Information provided Start Marker

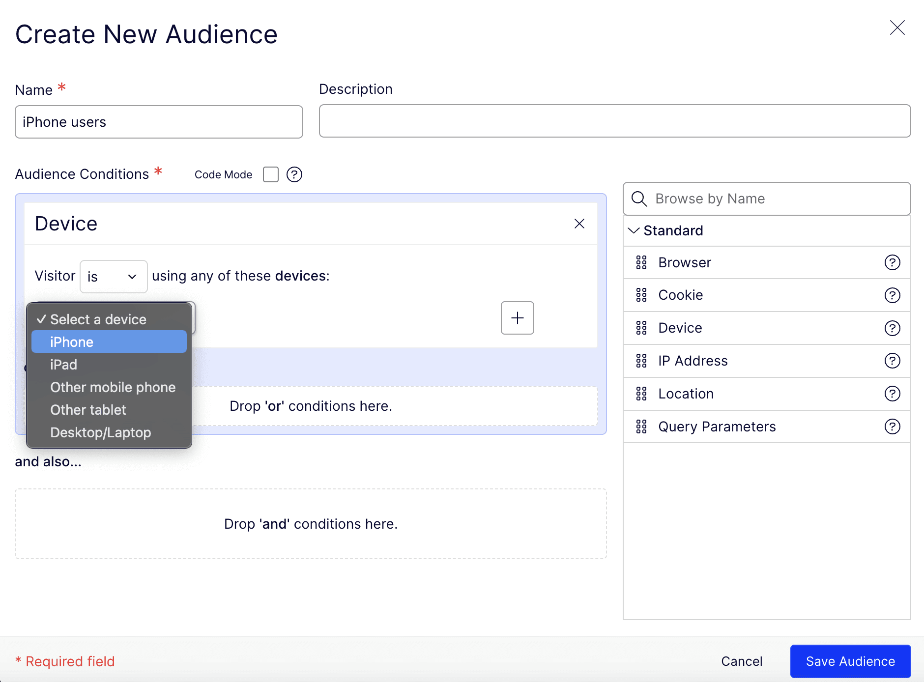 Identifying a subset of site visitors to show the experiment to and setting that audience up using the platform
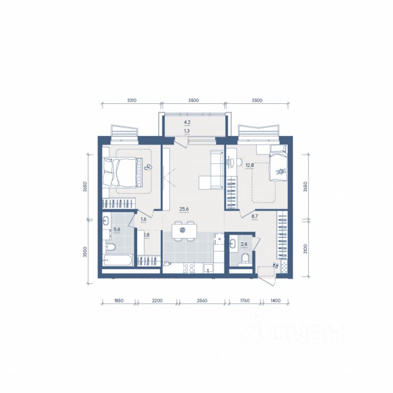 Продаётся 2-комнатная квартира в строящемся доме (Секция 2), срок сдачи: II-кв. 2028, общей площадью 72.9 кв.м., на 3 этаже. Новый жилой комплекс ''Форма'' от застройщика ''Форум-Групп'' расположен по адресу: г. Екатеринбург, улица Сони Морозовой.
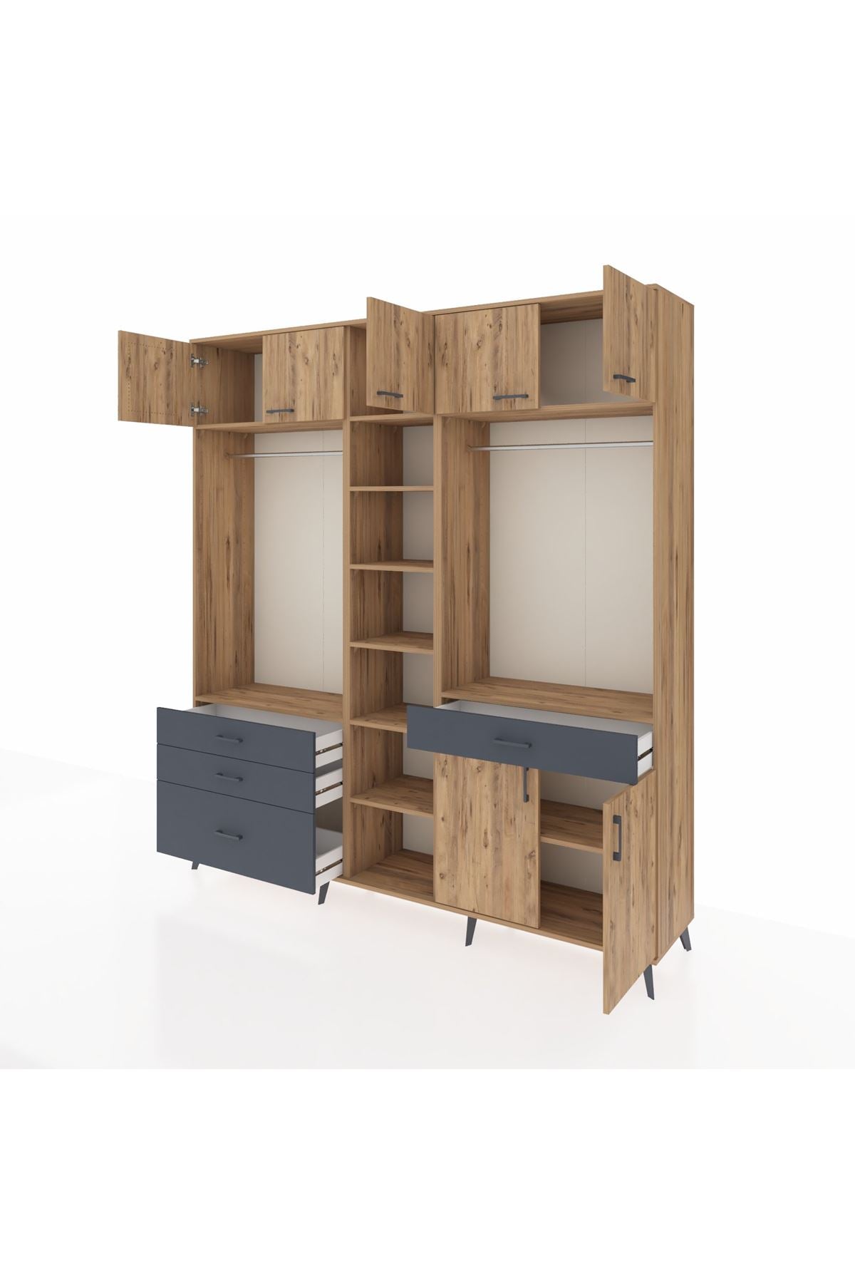 Hyperion Dolap 11 Raflı 4 Çekmeceli 2 Askılı 220x44x243 Çam-Çam/Antrasit
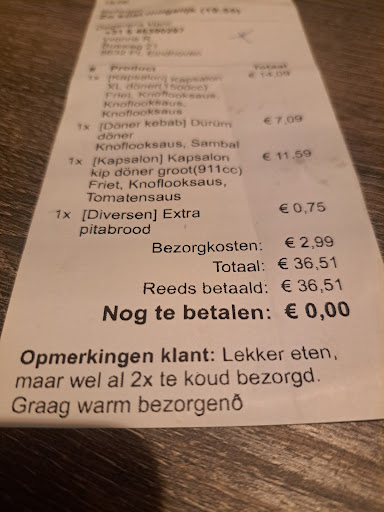 Gisterenmiddag eten besteld via thuisbezorgd. Na 2 uur nog geen eten te hebben gehad maar eens gebeld naar de zaak. Gezegd dat ik besteld heb en gevraagd wanneer ik het eten kan verwachten. Man zei dat ze na 1 uur voor mijn deur stonden en hebben gebeld maar niemand deed open-pakte de telefoon op en chaufeur is dus weg gegaan.Meneer was niet vriendelijk aan telefoon, begon gelijk op een bozige toon te roepen dat ik het maar met thuisbezorgd moet regelen. Thuisbezorgd gemaild en hun leken het op te nemen voor de zaak helaas na verschillende mailtjes over en weer.Geen eten gekregen en WEL betaald. Ik ga hier nooit meer bestellen. Ik hoop jullie ook niet....

Information provided End Marker

* About this exercise
Please write out every line of the listing above exactly, and leave the images behind.

* Solution to the exercise
 Identifying a subset of site visitors to show the experiment to and setting that audience up using the platform
 Продаётся 2-комнатная квартира в строящемся доме (Секция 2), срок сдачи: II-кв. 2028, общей площадью 72.9 кв.м., на 3 этаже. Новый жилой комплекс ''Форма'' от застройщика ''Форум-Групп'' расположен по адресу: г. Екатеринбург, улица Сони Морозовой.
 Hyperion Dolap 11 Raflı 4 Çekmeceli 2 Askılı 220x44x243 Çam-Çam/Antrasit
 Gisterenmiddag eten besteld via thuisbezorgd. Na 2 uur nog geen eten te hebben gehad maar eens gebeld naar de zaak. Gezegd dat ik besteld heb en gevraagd wanneer ik het eten kan verwachten. Man zei dat ze na 1 uur voor mijn deur stonden en hebben gebeld maar niemand deed open-pakte de telefoon op en chaufeur is dus weg gegaan.Meneer was niet vriendelijk aan telefoon, begon gelijk op een bozige toon te roepen dat ik het maar met thuisbezorgd moet regelen. Thuisbezorgd gemaild en hun leken het op te nemen voor de zaak helaas na verschillende mailtjes over en weer.Geen eten gekregen en WEL betaald. Ik ga hier nooit meer bestellen. Ik hoop jullie ook niet....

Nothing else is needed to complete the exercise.